**Information provided:**
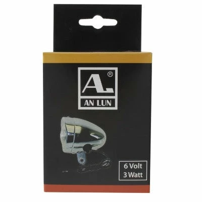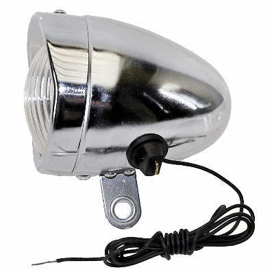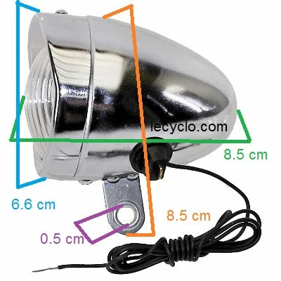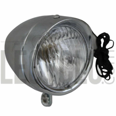 D’une forme ronde, le phare avant possède un puissant éclairage blanc. Avec sa couleur chromée, il permet au cycliste de personnaliser son vélo au style vintage. Fourni avec un câble électrique, il s’allume grâce à un branchement sur dynamo 6V/2.4 W.
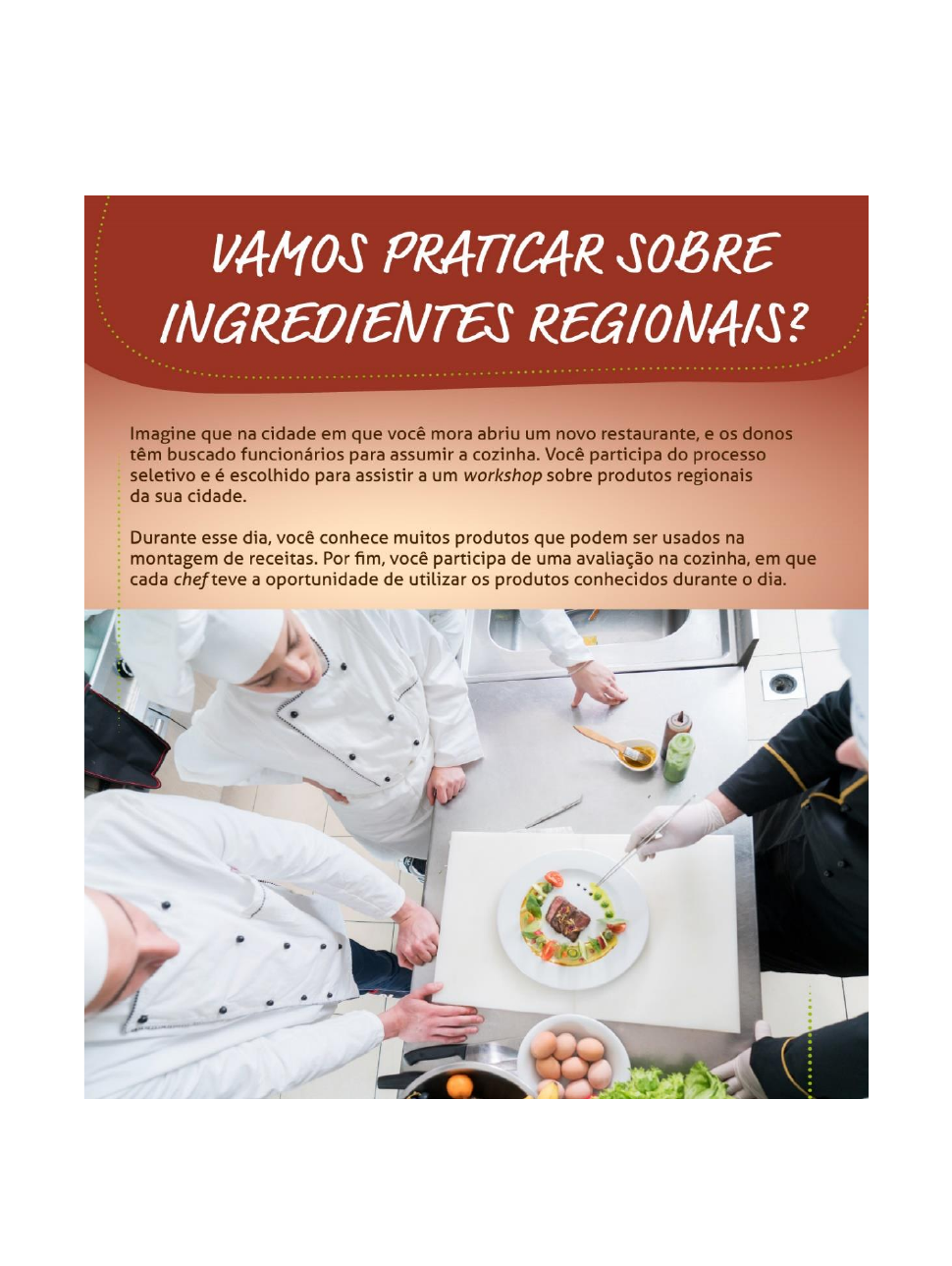 <p>GASTRONOMIA BRASILEIRA I – BIOMA DA AMAZÔNIA - DESAFIO</p><p>DESAFIO</p><p>A gastronomia está sempre em processo de transformação. De 2008 até os dias atuais, os chefes de</p><p>cozinha vêm buscando conhecimento sobre o que servem em seus restaurantes e sobre</p><p>a procedência dos ingredientes, valorizando, assim, a agricultura familiar e também o pequeno</p><p>produtor. No Brasil, esse movimento começou com o chef de cozinha Alex Atala, que investe na</p><p>constante busca de ingredientes regionais. Em 2013, ele criou o Instituto Atá, que forma cadeias</p><p>entre produtores, cozinheiros e consumidores.</p><p>Para este desafio, prepare um prato com ingredientes regionais da sua cidade. Pode ser doce ou</p><p>salgado. O importante é você valorizar o produtor local e a agricultura familiar. Você deve</p><p>fotografar e anexar aqui a foto do seu prato. Além disso, escreva quais foram os produtos</p><p>utilizados, quem são os seus produtores e qual foi o conceito ou a história que você quis contar</p><p>ao montar esse prato.</p><p>Escreva sua resposta no campo abaixo:</p><p>R.</p><p>Prato</p><p>Caldeirada de Tambaqui</p><p>Ingredientes:</p><p>Tambaqui (Roraima) sem escamas e em pedaços</p><p>Limão, pimenta do reino, sal a gosto, tomate, cebola</p><p>Coentro, Cebolinha, Tomate, Pimentão e Pimenta de Cheiro</p><p>Água e Leite de Castanha do Pará</p><p>Este prato eu sempre faço para relembrar a minha infância quando morava no Interior do Pará</p><p>(Alenquer) com meus pais.</p><p>Padrão de resposta esperado</p><p>Resultado da tarefa:</p><p>Apresente uma foto do prato criado por você. Deixe claras as referências da cidade onde</p><p>você mora, como produtos e produtores, e principalmente esclareça o conceito que</p><p>você escolheu para a criação do prato.</p>
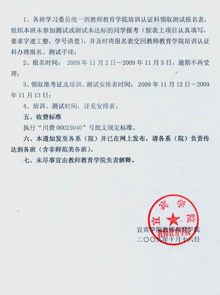 关于bv伟德国际1946(A区)2009年秋季“教师职业技能”达标测试的通知

**Required work:** With images omitted, retype the data word for word.

**Exercise solution:**
 D’une forme ronde, le phare avant possède un puissant éclairage blanc. Avec sa couleur chromée, il permet au cycliste de personnaliser son vélo au style vintage. Fourni avec un câble électrique, il s’allume grâce à un branchement sur dynamo 6V/2.4 W.
 <p>GASTRONOMIA BRASILEIRA I – BIOMA DA AMAZÔNIA - DESAFIO</p><p>DESAFIO</p><p>A gastronomia está sempre em processo de transformação. De 2008 até os dias atuais, os chefes de</p><p>cozinha vêm buscando conhecimento sobre o que servem em seus restaurantes e sobre</p><p>a procedência dos ingredientes, valorizando, assim, a agricultura familiar e também o pequeno</p><p>produtor. No Brasil, esse movimento começou com o chef de cozinha Alex Atala, que investe na</p><p>constante busca de ingredientes regionais. Em 2013, ele criou o Instituto Atá, que forma cadeias</p><p>entre produtores, cozinheiros e consumidores.</p><p>Para este desafio, prepare um prato com ingredientes regionais da sua cidade. Pode ser doce ou</p><p>salgado. O importante é você valorizar o produtor local e a agricultura familiar. Você deve</p><p>fotografar e anexar aqui a foto do seu prato. Além disso, escreva quais foram os produtos</p><p>utilizados, quem são os seus produtores e qual foi o conceito ou a história que você quis contar</p><p>ao montar esse prato.</p><p>Escreva sua resposta no campo abaixo:</p><p>R.</p><p>Prato</p><p>Caldeirada de Tambaqui</p><p>Ingredientes:</p><p>Tambaqui (Roraima) sem escamas e em pedaços</p><p>Limão, pimenta do reino, sal a gosto, tomate, cebola</p><p>Coentro, Cebolinha, Tomate, Pimentão e Pimenta de Cheiro</p><p>Água e Leite de Castanha do Pará</p><p>Este prato eu sempre faço para relembrar a minha infância quando morava no Interior do Pará</p><p>(Alenquer) com meus pais.</p><p>Padrão de resposta esperado</p><p>Resultado da tarefa:</p><p>Apresente uma foto do prato criado por você. Deixe claras as referências da cidade onde</p><p>você mora, como produtos e produtores, e principalmente esclareça o conceito que</p><p>você escolheu para a criação do prato.</p>
 关于bv伟德国际1946(A区)2009年秋季“教师职业技能”达标测试的通知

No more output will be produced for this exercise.